You are right. This is a code that I used for personal testing and I forgot to remove it from the final script before pasting it here. You can completely disregard it.

So this is the updated code as well as the final result. Once again, do not hesitate if you have more questions:

# Load needed libraries ----

library(rvest)
library(dplyr)
library(stringr)
library(purrr)


# Build functions for scraping reviews ----

# > Function for scraping topic names and their urls 


scrape_topic_url <- function(page_url){
	
	page_html <- read_html(page_url)
	
	topic_names <- page_html %>%
		html_nodes(css = ".bbp-topic-permalink") %>%
		html_text() %>%
		str_squish()
	
	topic_urls <- page_html %>%
		html_nodes(css = ".bbp-topic-permalink") %>%
		html_attr(name = "href")
	
	tibble(topic = topic_names, topic_url = topic_urls)
	
}


# > Function for scraping the comments/reviews

scrape_topic_thread <- function(topic_url){
	
	topic_html <- read_html(topic_url)
	
	topic_html %>%
		html_nodes(css = ".bbp-topic-content") %>%
		html_text() %>%
		str_squish()
	
}


# Perform the scraping task ----

page_urls <- c("https://wordpress.org/support/plugin/easyrecipe/reviews/", paste0("https://wordpress.org/support/plugin/easyrecipe/reviews/page/", 2:3))
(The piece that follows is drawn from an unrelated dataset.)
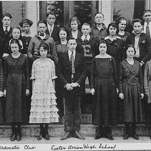 Members shown in this photo of the Exeter Union High School, Exeter, CA, Drama Club in 1921 included: Front row, left to right - Thelma Shanklin, Meryl Huston, Hazel Sellars, Marguerite Ligon, Raymond Porter, Miss Collins, Laura McWhorter, Miss Sittig, Hanna Matchin, and Loring Davis. Second row: Clyde Britten, Helen Sellars, Gerald Busch, Florence Montgomery, Francis Walker, Vera Glaze, Leon Cunningham, Josephine Brundage, Carl Link, Mary Virginia Dungan, Franklin Wilson, and Eva Cecile. Back row: Mr. Stewart, Ferris Sherman, Frances March, Herrick Waterman, Ota Nelson, Thomas Mixter, Arline Avery, Hillis Nelson, Charlotte Welch, Landis Davis, Helen Burnett, and Merrit Rowland. (Photo courtesy of Mrs. Don Montgomery)

master <- map_dfr(page_urls, scrape_topic_url) %>%
	mutate(content = map_chr(topic_url, scrape_topic_thread))

master

# A tibble: 63 x 3
   topic                          topic_url                                          content                                                                                    
   <chr>                          <chr>                                              <chr>                                                                                      
 1 Terrible                       https://wordpress.org/support/topic/terrible-161/  "If I could give zero stars, I would. They have failed to answer any support questions I h~
 2 Not working with WP 5.03       https://wordpress.org/support/topic/not-working-w~ "I’m very disappointed that Easy Recipe hasn’t updated to be compatible with WP 5.03. Limi~
 3 easyrecipe plugin              https://wordpress.org/support/topic/easyrecipe-pl~ "Have been using for years. Love this plugin"                                              
 4 Don’t do it! ZERO support for~ https://wordpress.org/support/topic/dont-do-it-ze~ "Bought slEazyRecipe Plus for the extra features, updates, and support. The plugin update ~
 5 Worst Ever Don’t Buy Premium   https://wordpress.org/support/topic/worst-ever-do~ "I’ve sent several repeated emails to get the updated version after buying the premium. Th~
 6 Does not work                  https://wordpress.org/support/topic/does-not-work~ "I am already using Recipe taxonomy on my website and plugin does not work =("             
 7 Stay away! Don’t buy the PRO ~ https://wordpress.org/support/topic/stay-away-don~ "There is no support and the author is using this free plugin to scam people into buying t~
 8 After Using this for 3 Yrs Be~ https://wordpress.org/support/topic/after-using-t~ "I have been using the paid version of this plugin for three years – my original developer~
 9 The worst support ever         https://wordpress.org/support/topic/the-worst-sup~ "Support tickets are not being red. Bought the plugin twice! Licence key is not shown in e~
10 No Support and No Longer Upda~ https://wordpress.org/support/topic/no-support-an~ "I’m not sure what’s happened because this plugin used to be great. When you submitted a s~
# ... with 53 more rows

Maybellyne · July 16, 2020, 8:17pm

Thanks @gueyenono!!! It works.

gueyenono · July 16, 2020, 9:10pm

@Maybellyne Glad to hear. Once again, do not forget to mark the correct code as the solution in order to help potential future readers.

system · July 23, 2020, 9:10pm

This topic was automatically closed 7 days after the last reply. New replies are no longer allowed.